Лицо проводника перекосилось, стало некрасивым. Дышал он коротко и часто, уставившись в одну точку.
Минута — и плафон снят. Кублашвили, привстав на носки, нашарил продолговатый сверток. На ощупь определил: книги в целлофановой обертке. Выходит, не ошибся: улов есть.
…Кублашвили медленно провел рукой по лбу, словно отгоняя нахлынувшие воспоминания. Годы, годы… Как быстро проноситесь вы! И каждый год особенный, по-своему неповторимый, запомнился успехами и огорчениями. Но всегда сопутствовало ощущение какой-то романтической приподнятости, сознание своей причастности к святому делу охраны государственной безопасности. И будь ему сейчас двадцать, стань он перед выбором жизненного пути, то, не колеблясь, снова посвятил бы себя все той же пограничной службе со всеми ее трудностями и радостями. Вот так завтра он и скажет ребятам в школе. Только так и не иначе.
«В общем, принимайся, Варлам, за дело, продумай свое выступление», — и он склонился над листком бумаги.
Следопыт Алексей Сапегин
Вместо предисловия
Говоря откровенно, мне здорово повезло: в одном из пограничных отрядов западной границы познакомился с Алексеем Ивановичем Сапегиным — отважным следопытом, который, что называется, бывал на коне и под конем, попробовал и горького, и горячего…
Совместные поездки по заставам, долгие беседы сдружили нас, он раскрылся, как человек и как воспитатель, наставник, умело передающий молодым воинам свой богатейший опыт борьбы со шпионами и диверсантами.
Интересную, насыщенную событиями жизнь прожил этот заслуженный пограничник, кавалер многих орденов, медалей, знаков воинской доблести.

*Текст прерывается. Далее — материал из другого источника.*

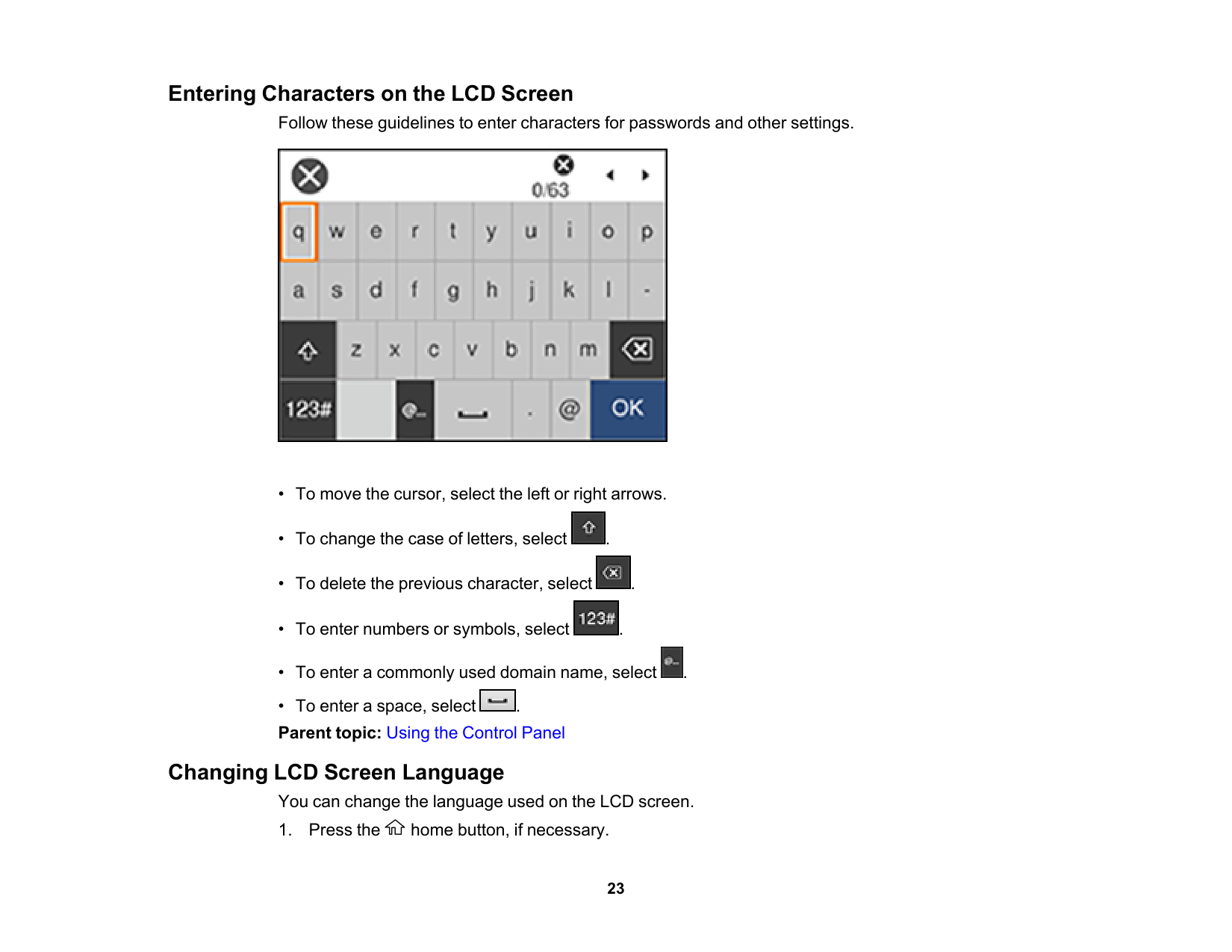 23 Entering Characters on the LCD Screen Follow these guidelines to enter characters for passwords and other settings.
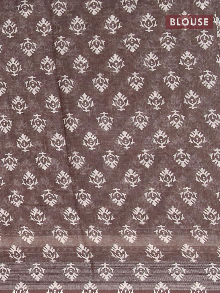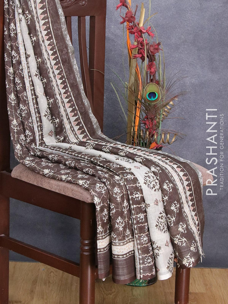 Bhagalpuri saree dark sap green with allover prints & kantha stitch work and silver zari woven border

Перед тобой, читатель, небольшая повесть о нем.
Служу на границе
Застенчивая улыбка пробегает по сухощавому лицу прапорщика Сапегина, он пожимает плечами. Рассказать о себе? Пожалуйста. Только ничего особо примечательного нет в его жизни. Родом он с Рязанщины, из села Казачье. Еще не исполнилось и восемнадцати, как надел военную форму. Да и мог ли усидеть дома, когда фашисты напали на Родину? Рвался на фронт, в действующую армию, где уже второй год находился его отец, да вышло иначе. Назначили в пограничные войска.
Откровенно говоря, это не совсем обрадовало (тыл, мол!), а как прибыл на заставу, то понял, что ошибся, здорово ошибся. По существу, здесь тоже шла война, только война тайная, война невидимая, война разведок… Так с сорок второго и породнился с границей… А насчет каких-то особых случаев и невероятных приключений, то их вроде бы и не было.
— Нет, не было, — уже более решительно повторил Алексей Иванович. — Обнаружишь нарушителя, преследуешь… Задержишь… Вот, пожалуй, и все. Ничего особенного. — Он закуривает и прохаживается по комнате. Выше среднего роста, с широко развернутыми плечами, стройный и подтянутый.
— Я слышал, вы охотник? — говорю, чтобы как-то нарушить затянувшееся молчание.
Алексей Иванович кивает головой:
— Да, немного есть. Охотник и рыболов.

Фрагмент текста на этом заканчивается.